CS 6750: Human-Computer Interaction
Review and Retrospective
Disclaimer
The views and opinions expressed in this post are solely my own and do not reflect those of Georgia Tech, the OMSCS program, or any affiliated instructors, TAs, or staff.
Instructor: David Joyner
Semester: Summer 2023
Overall Rating: 7.8/10 👍
✅ Pros
- Well-organized calendar and materials
- Beginner-friendly video lectures by Dr. Joyner
- Authentic design-cycle project that walks you from need-finding to evaluation
❌ Cons
- Writing-heavy workload may feel tedious
- Subjective grading on essays/projects can be inconsistent across TAs
🕒 Time Commitment
Expect 10-15 hours per week spent on written reports, short essays, and peer feedback.
📝 Grade Breakdown
Component | Weight | Notes |
---|---|---|
Written Assignments | 40% | 5 Principles + 5 Methods papers (4 % each) |
Tests (2) | 30% | 15 % each, 30 multiple-correct questions, proctored via Honorlock |
Final Project | 20% | Full HCI design cycle; individual or team options |
Participation | 10% | Peer reviews, surveys, forum contributions, etc. |
✍️ Assignments
Principles (P1–P5)
Short-answer reflections
Methods (M1–M5)
Need-finding plans, prototype mock-ups, and evaluation protocols. Each paper uses the required JDF template and counts for 4 % of the final grade
📖 Exams
Two closed-book, proctored exams (Test 1 after Lesson 3.5, Test 2 after Lesson 4.3).
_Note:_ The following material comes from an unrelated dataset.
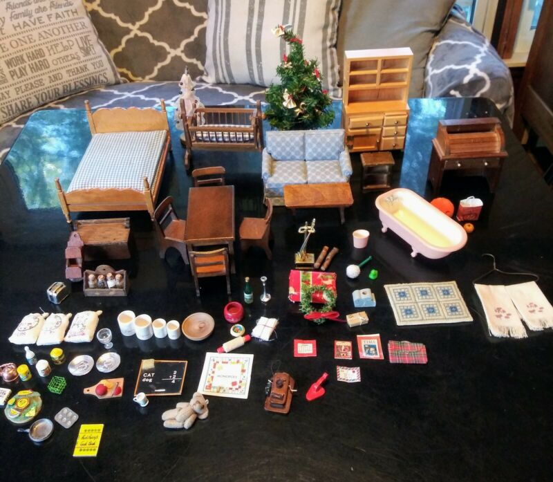 Title (ebay affiliate link): Vintage miniature Dollhouse Furniture lot 1:12 ~ bed couch cradle dining table

Questions are multiple-correct; partial credit is awarded.
🗂 Project
A single 20% capstone covers need-finding, brainstorming, prototyping, and an evaluation plan on a domain of your choice. The project can be a portfolio piece.
📚 Course Content
Unit 1: Introduction
HCI overview & course roadmap
Unit 2: Principles
Feedback cycles, direct manipulation, design heuristics, mental models, task analysis, politics of interfaces
Unit 3: Methods
Ethics, need-finding, design alternatives, prototyping, evaluation, agile HCI
Unit 4: Applications
Technology horizons, domain deep-dives (AR/VR, education, health)
Unit 5: Conclusion
Recap, related fields, career next steps
💬 Participation & Interaction
Credit comes from prompt peer-review turnaround, forum activity, and an optional “secret-survey” Easter egg. The deliverables and thier requirements were straighforward.
💭 Final Thoughts
CS 6750 walks you through a classic user‑centered design process. If you’re interested in UI/UX, it provides a solid foundation and covers the core fundamentals. Be ready for heavy writing, nearly every assignment outside the exams is an essay. Although my role is not that of a designer, the course’s design principles show up in my daily work. The mantra “You are not your user” alone could save engineers who rush into building from a lot of wasted time and effort.